3 Tips to Maintain a Healthy Back at the Office

Posted on: 13 April 2018

When the nature of your work involves sitting the whole day behind a desk, it is almost impossible to overcome lower back pain. Too much sitting coupled up with a poor posture is the cause of lower back problems at the office. When left unmanaged, back pain can affect your performance at work or even cause you to seek out a sick leave. Unfortunately, since quitting your job may not be an option, you need to find a way to maintain a healthy back even after spending 6 or more hours in a seat. This article will address some simple tips that you can practice at the office to prevent lower back pain and maintain a healthy spine.

Breathe correctly

Is there a right or wrong way to breathe? Well, the right breathing technique ensures that oxygen is delivered to every cell and muscle in the body, and this can prevent tension and stress. When most people are busy, they tend to hold their breath or take short breaths which barely reach vital parts of the body. You can take short breaks every 30 minutes to breathe correctly, and this will have a great impact on the condition of your lower back.

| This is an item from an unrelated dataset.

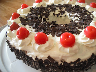 Black Forest Cake..Back in the 90's in my home country the ultimate baked luxuries were Pineapple cakes or black forest cakes. If you had to visit somebody's home these two were the only highly valued options one had to buy at a bakery. It was symbolic and meant that the visitor is showing respect to the host. The Germans off course did not intend anything of the sort...So my husband who grew up in the 80s-and the 90s with little interest in baking thought for so many years that the world is divided into just two types of cakes...you guessed it. I made this for our first Wedding anniversary just last year:)

Sit upright in your chair, relax the shoulders, and take in a deep breath. Feel the air fill your belly and pause shortly. Exhale through your mouth and let the tummy relax to the normal position. Repeat this exercise at least three times before resuming work. It will barely take you two minutes but will go a long way in relaxing your spine.

Walk around

How much walking do you do on a normal office day? For most people, they only walk when going to the bathroom and when leaving the office. Try to walk more often and stretch your leg muscles. Instead of taking the lift, use the stairs once in a while. Take a break and walk at lunch instead of chilling at the office. If you experience back pain after prolonged sitting, walking can release the tension and numbness in your muscles.

Stretch the muscles

If your office chair is not ergonomically designed to boost posture, it means that your body muscles experience a lot of tension when you sit. Avoid this by stretching once in a while to prevent the effects of poor posture. While on your seat with both feet on the ground, lift one of your ankles, say the right one, and rest it on the knee of the opposite leg. Press down the right knee gently and lean forward with your arms hanging towards the ground. Repeat this exercise with your opposite ankle. You can do this during your tea and lunch breaks to release tension in your leg and back muscles.

Once in a while, visit a masseuse for physiotherapy treatment. An expert can help adjust your back to get rid of the tension that has built-up after a week of sitting at the office.